What Should You Know Before Taking OPDIVO?

Quick Answer: Do not use OPDIVO if you are allergic to nivolumab or any of its other ingredients. Before starting treatment, inform your doctor about all medical conditions, especially autoimmune diseases, organ transplants, lung inflammation, and any immunosuppressive medications you are taking.

Contraindications

OPDIVO must not be administered to patients with a known hypersensitivity to nivolumab or to any of the excipients listed in the formulation (including polysorbat 80, histidine, sucrose, pentetate, methionine, and recombinant human hyaluronidase). If you are uncertain whether you have any allergies to these substances, consult your physician before starting treatment. Allergic reactions to OPDIVO, including life-threatening anaphylactic reactions, have been reported and require immediate medical intervention.

Warnings and Precautions

OPDIVO acts on the immune system and can cause inflammation in various parts of the body. These immune-mediated adverse reactions can be serious and sometimes life-threatening. It is essential to be aware of the following potential complications and to report any symptoms to your healthcare provider promptly:

  • Heart problems: Changes in heart rhythm, heart rate, or abnormal heart rhythm (myocarditis, pericardial disorders)
  • Lung inflammation (pneumonitis): Breathing difficulties or persistent cough
  • Intestinal inflammation (colitis): Diarrhea, abdominal pain, mucus or blood in stool
  • Liver inflammation (hepatitis): Abnormal liver function tests, jaundice, right-sided abdominal pain, fatigue
  • Kidney problems (nephritis): Abnormal kidney function tests, decreased urine output
  • Endocrine disorders: Hypothyroidism, hyperthyroidism, adrenal insufficiency, hypophysitis, diabetes (including diabetic ketoacidosis)
  • Severe skin reactions: Toxic epidermal necrolysis and Stevens-Johnson syndrome (potentially fatal)
  • Muscle inflammation: Myocarditis, myositis, rhabdomyolysis
  • Organ transplant rejection
  • Graft-versus-host disease
  • Hemophagocytic lymphohistiocytosis (HLH): A rare disorder where the immune system produces excessive infection-fighting cells

These signs and symptoms may be delayed and can develop weeks or months after the last dose. Before treatment, your doctor will assess your overall health through blood tests and clinical examinations, which will continue throughout your treatment course. Your doctor may prescribe corticosteroids to reduce symptoms, delay your next dose, or permanently discontinue OPDIVO treatment depending on the severity of the reaction.

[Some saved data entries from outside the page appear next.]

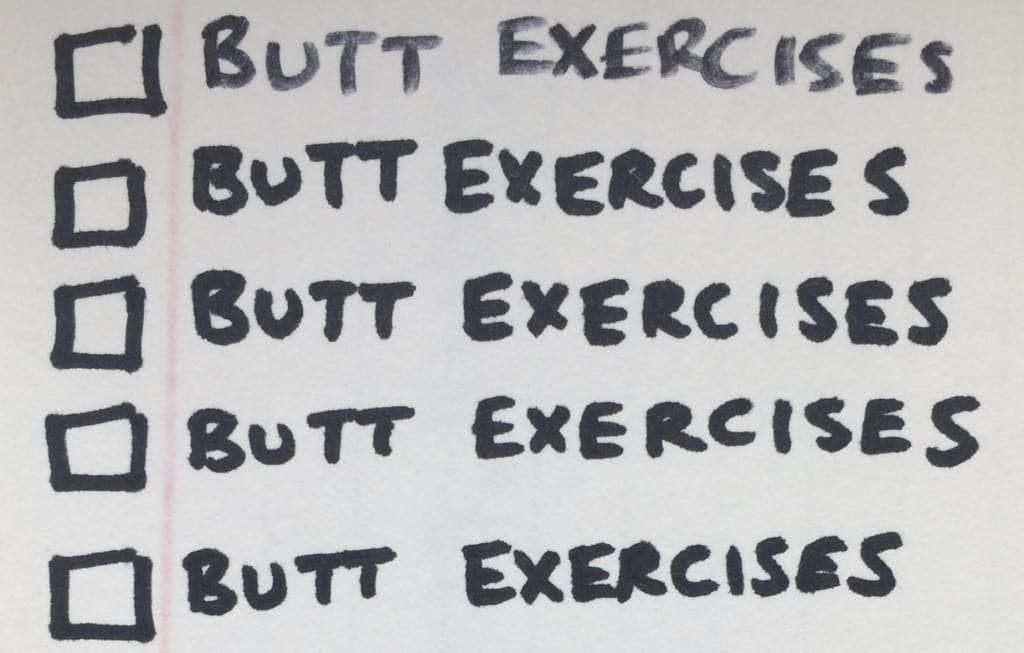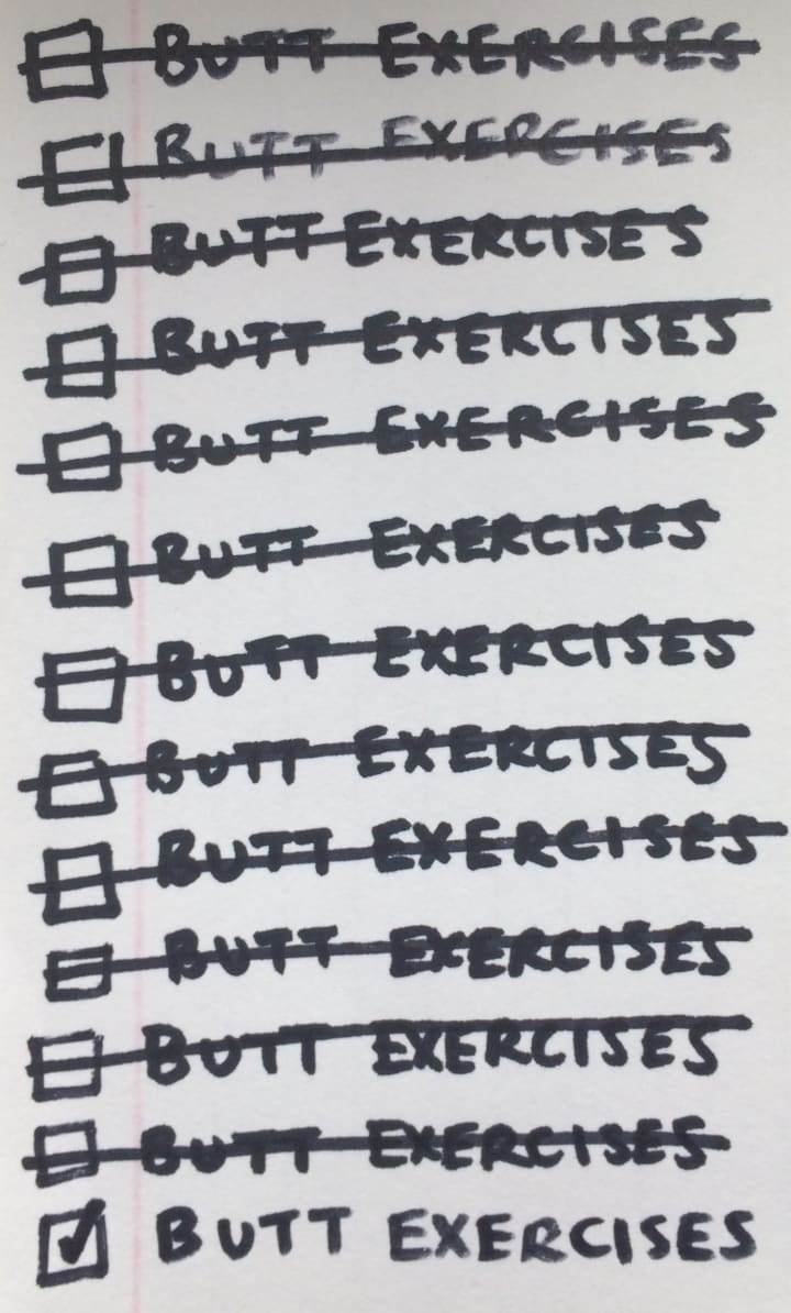 I haven't done my butt exercises in 192 days. That's after having installed an app on my phone specifically for butt exercises. That's even after having adjusted the settings to remind me to do butt exercises every day.
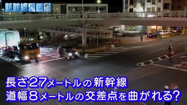 27メートルもある新幹線16号車に対して、交差点の道幅はわずか8メートル。果たしてどうやって曲がるのでしょうか?
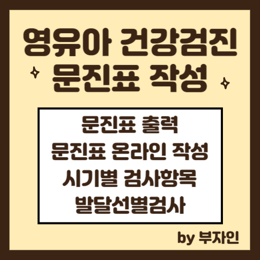 문진표는 건강검진, 구강검진과 발달선별검사까지 3가지로 구분되어 있으며 각각의 문진표를 출력하여 작성하시면 됩니다.
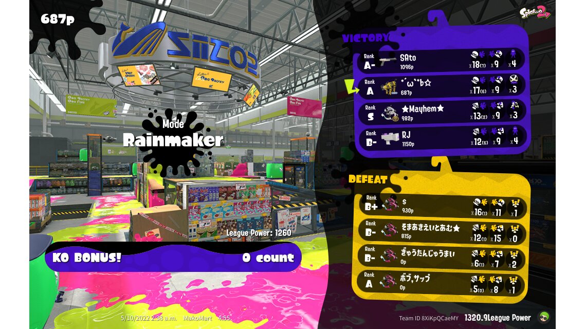 | Mode | Rainmaker - League Battle (Quad) | |||||||||||||||||||||||||||||||
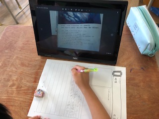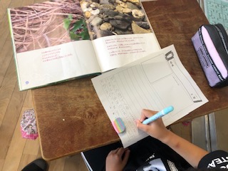 昨日、授業研究会をした3年生は、昨日の続きをしています。本やタブレットを使って生き物の保護色などについて調べています。

Tell your doctor before starting OPDIVO if you:
  • Have an autoimmune disease (a condition where the body attacks its own cells)
  • Have uveal (eye) melanoma
  • Have previously received ipilimumab and experienced serious side effects
  • Have been told your cancer has spread to the brain
  • Have had previous lung inflammation
  • Are taking medicines that suppress your immune system
  • Have had or are planning an organ or stem cell transplant

Pregnancy and Breastfeeding

OPDIVO should not be used during pregnancy unless your doctor specifically instructs you to do so. The effects of nivolumab in pregnant women are not fully known, but the active substance may potentially harm an unborn baby based on its mechanism of action. Women of childbearing potential must use effective contraception during treatment and for at least 5 months after the last dose of OPDIVO.

It is not known whether nivolumab passes into breast milk. A risk to the breastfed infant cannot be excluded. Discuss with your doctor whether you can breastfeed during or after treatment with OPDIVO. If you become pregnant during treatment, inform your healthcare provider immediately.

Children and Adolescents

OPDIVO solution for injection should not be used in children and adolescents under 18 years of age. The safety and efficacy of nivolumab in the pediatric population have not been established for this formulation.

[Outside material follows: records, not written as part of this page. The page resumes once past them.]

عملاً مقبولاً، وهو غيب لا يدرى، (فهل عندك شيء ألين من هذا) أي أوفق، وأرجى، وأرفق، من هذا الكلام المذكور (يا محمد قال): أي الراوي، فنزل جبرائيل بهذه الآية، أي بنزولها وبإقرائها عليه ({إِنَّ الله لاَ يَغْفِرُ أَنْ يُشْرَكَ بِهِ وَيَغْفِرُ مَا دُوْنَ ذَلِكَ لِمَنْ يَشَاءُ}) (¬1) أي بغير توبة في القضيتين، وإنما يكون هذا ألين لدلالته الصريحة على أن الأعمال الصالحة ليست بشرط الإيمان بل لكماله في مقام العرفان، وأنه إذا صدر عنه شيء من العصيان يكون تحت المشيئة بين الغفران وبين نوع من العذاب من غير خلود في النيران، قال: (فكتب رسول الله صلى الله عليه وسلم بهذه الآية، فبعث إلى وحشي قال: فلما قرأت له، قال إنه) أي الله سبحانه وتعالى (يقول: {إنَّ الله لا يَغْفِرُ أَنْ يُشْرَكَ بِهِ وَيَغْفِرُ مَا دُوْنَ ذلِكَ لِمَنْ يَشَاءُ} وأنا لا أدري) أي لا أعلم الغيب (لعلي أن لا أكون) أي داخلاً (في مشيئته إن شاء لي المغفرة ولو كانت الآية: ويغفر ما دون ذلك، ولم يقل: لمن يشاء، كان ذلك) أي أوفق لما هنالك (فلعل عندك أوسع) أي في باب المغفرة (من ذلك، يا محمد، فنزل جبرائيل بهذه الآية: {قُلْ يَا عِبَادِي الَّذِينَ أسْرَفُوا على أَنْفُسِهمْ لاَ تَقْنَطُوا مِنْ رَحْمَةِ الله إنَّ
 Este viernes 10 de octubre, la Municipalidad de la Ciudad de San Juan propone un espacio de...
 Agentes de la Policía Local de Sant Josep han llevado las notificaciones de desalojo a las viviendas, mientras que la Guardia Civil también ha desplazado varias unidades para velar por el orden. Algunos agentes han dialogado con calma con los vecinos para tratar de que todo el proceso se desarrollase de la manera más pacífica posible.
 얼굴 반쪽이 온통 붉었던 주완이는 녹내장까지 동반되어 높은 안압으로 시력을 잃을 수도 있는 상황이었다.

Driving and Using Machines

OPDIVO, or OPDIVO in combination with ipilimumab, may have a minor effect on the ability to drive and use machines. Exercise caution until you are confident that OPDIVO does not adversely affect your concentration or reaction time. Common side effects such as fatigue and dizziness may impair your ability to operate vehicles or machinery safely.

How Does OPDIVO Interact with Other Drugs?

Quick Answer: Before starting OPDIVO, inform your doctor about all medications you are taking, especially immunosuppressive drugs such as corticosteroids. These medications may reduce OPDIVO's effectiveness if taken before treatment initiation. However, corticosteroids can be safely used during treatment to manage immune-related side effects.

Drug interactions with OPDIVO differ fundamentally from those of conventional chemotherapy because nivolumab is a monoclonal antibody that does not undergo metabolism by cytochrome P450 enzymes. Instead, the primary concern involves medications that modify immune function. Systemic immunosuppressants administered before starting nivolumab may interfere with its pharmacodynamic activity and reduce its therapeutic efficacy, as OPDIVO's mechanism depends on a functional immune response.

Once treatment with OPDIVO has been initiated, corticosteroids and other immunosuppressive agents can be used to manage immune-mediated adverse reactions without significantly compromising the anti-tumor efficacy of the drug. This is an important clinical distinction: corticosteroids given to treat immune-related side effects during therapy do not negate the benefit of treatment.

Major Interactions

Significant Drug Interactions Requiring Clinical Attention
Interacting Drug Effect Clinical Advice
Systemic corticosteroids (before treatment) May reduce OPDIVO efficacy by suppressing immune activation Avoid systemic corticosteroids before initiating nivolumab; taper off if possible
Other immunosuppressants (e.g., methotrexate, azathioprine) May interfere with OPDIVO's mechanism of action Inform oncologist of all immunosuppressive medications; dosage adjustment may be needed
Live vaccines Risk of infection due to altered immune response Avoid live vaccines during treatment; inactivated vaccines may be used with caution

Combination Therapies

OPDIVO is frequently administered in combination with other anti-cancer agents. When given with ipilimumab (a CTLA-4 inhibitor), the combination provides dual checkpoint inhibition that can enhance anti-tumor responses but also increases the risk and severity of immune-mediated adverse reactions. Patients receiving combination therapy require closer monitoring compared to monotherapy.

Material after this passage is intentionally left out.